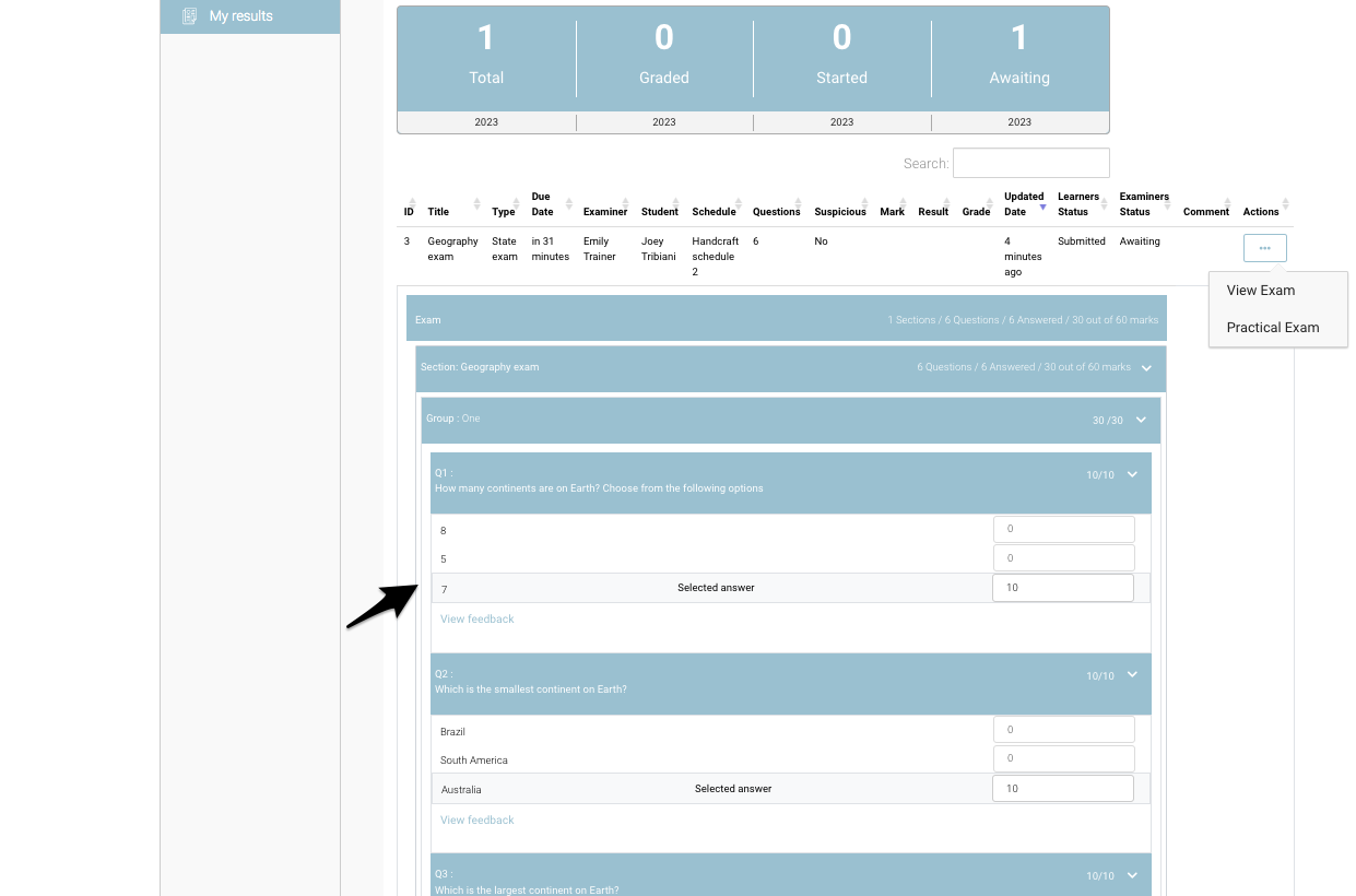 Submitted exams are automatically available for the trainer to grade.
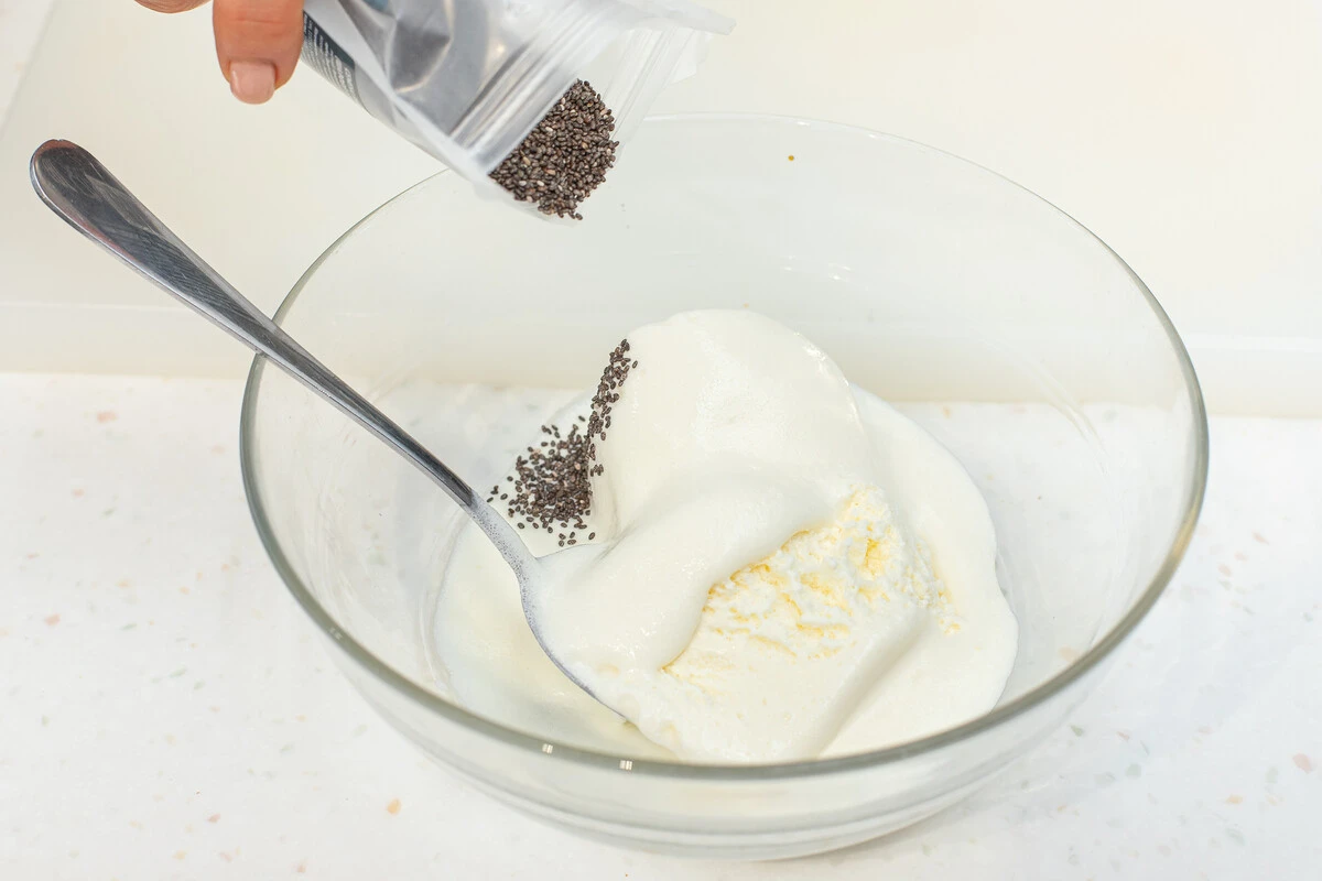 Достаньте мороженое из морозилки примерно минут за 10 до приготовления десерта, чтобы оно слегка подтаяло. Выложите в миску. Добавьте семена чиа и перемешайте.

┄┄┄┄┄┄

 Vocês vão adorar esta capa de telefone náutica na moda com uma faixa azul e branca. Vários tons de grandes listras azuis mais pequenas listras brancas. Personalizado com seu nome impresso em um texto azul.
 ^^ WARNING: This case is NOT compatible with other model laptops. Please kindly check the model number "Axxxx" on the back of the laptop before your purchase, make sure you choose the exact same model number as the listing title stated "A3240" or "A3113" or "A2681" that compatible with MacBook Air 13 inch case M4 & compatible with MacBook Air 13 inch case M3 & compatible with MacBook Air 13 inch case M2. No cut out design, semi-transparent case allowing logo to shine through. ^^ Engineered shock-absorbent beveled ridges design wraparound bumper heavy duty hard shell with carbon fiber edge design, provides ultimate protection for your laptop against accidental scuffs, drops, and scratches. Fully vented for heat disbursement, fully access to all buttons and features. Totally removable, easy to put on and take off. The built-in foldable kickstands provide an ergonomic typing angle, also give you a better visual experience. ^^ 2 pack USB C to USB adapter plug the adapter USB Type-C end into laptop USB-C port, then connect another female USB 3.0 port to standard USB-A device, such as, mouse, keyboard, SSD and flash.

┄┄┄┄┄┄

## EXERCISE GOAL
Copy nothing but the lines above that run from the one with "Submitted exams are" to the one with "Достаньте мороженое из", ends included; pictures stay out.

## EXERCISE SOLUTION
 Submitted exams are automatically available for the trainer to grade.
 Достаньте мороженое из морозилки примерно минут за 10 до приготовления десерта, чтобы оно слегка подтаяло. Выложите в миску. Добавьте семена чиа и перемешайте.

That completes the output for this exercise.